«Кому что на роду написано!..» — справедливо гласит старинное присловье.
Кто деньгу наживает, кто скупает золото и драгоценные камни, кто влиятельными связями да знакомствами обзаводится, а удел сочинителей — бумагомаранье. Это давно известно. Probatum est[1]. Во всяком случае, единственное достояние автора этих строк разные рукописи да заметки. Они повсюду попадаются на глаза, а то и мерещатся в виде человеческих физиономий, которые сами так и просятся на бумагу; они наполняют его сундуки, преследуют дома и в дороге, словом, не дают ни отдыху, ни сроку.
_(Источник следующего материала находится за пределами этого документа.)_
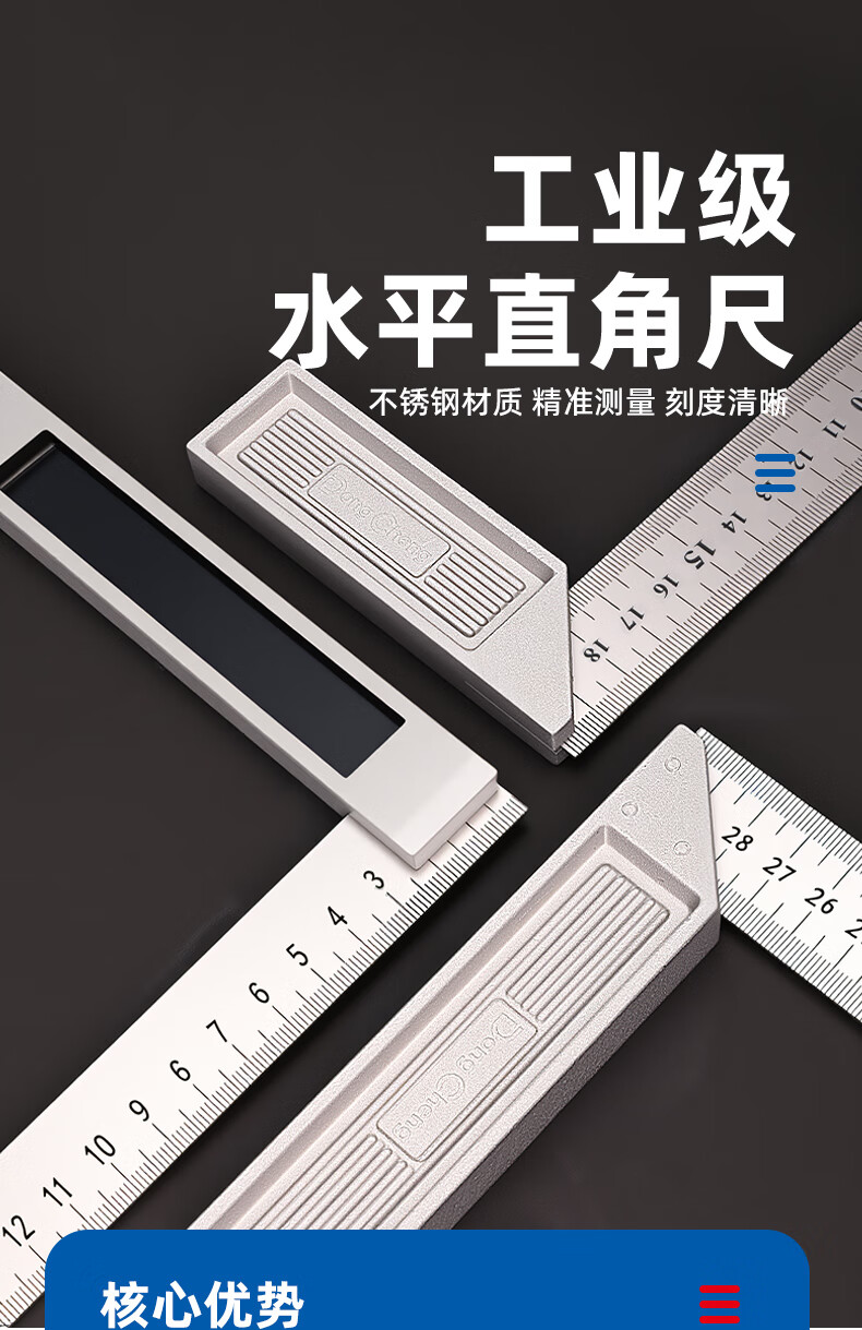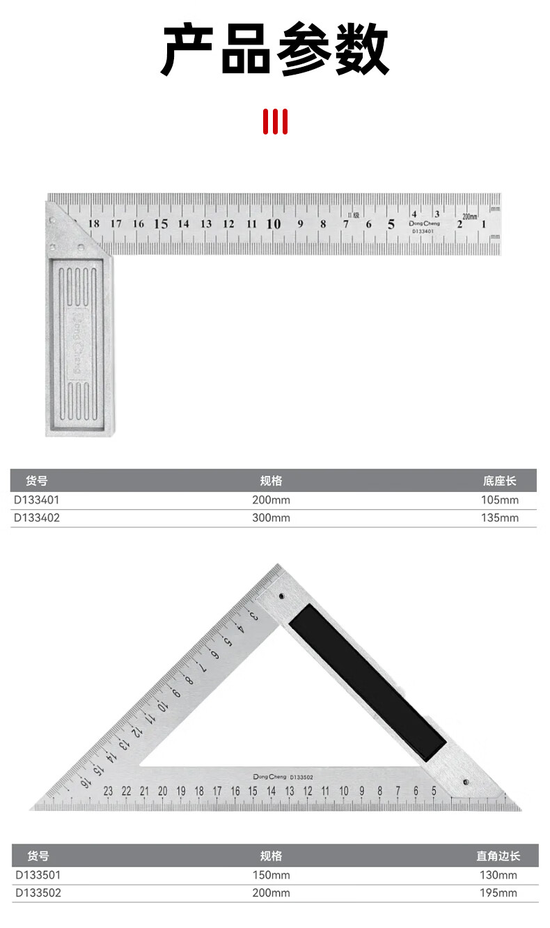 东成 铝合金钢角尺压铸铝柄三角尺 200mm铝合金钢角尺D133401

Судите сами. Отбросив в сторону всевозможные случаи, имеющие касательство к личной жизни (но тут не место писать о них, ведь это не автобиография), я расскажу лишь о том, как попал ко мне дневник Серафины. Видеть в этом волю провидения с моей стороны было бы, пожалуй, дерзостью, значит, это не что иное, как случай… Едва «Воспоминания паныча»[2] были переложены на родной наш язык, едва преложитель перевел дух и понемногу начал забывать о них, как, видимо, в наказание за сей некорректный поступок судьба покарала его мучительнейшим насморком, каковой и привел его в Виши… Он счел вынужденную эту поездку справедливым наказанием за то, что осмелился неблагосклонно отозваться о столпах нашего общества, блюстителях нравов и порядка.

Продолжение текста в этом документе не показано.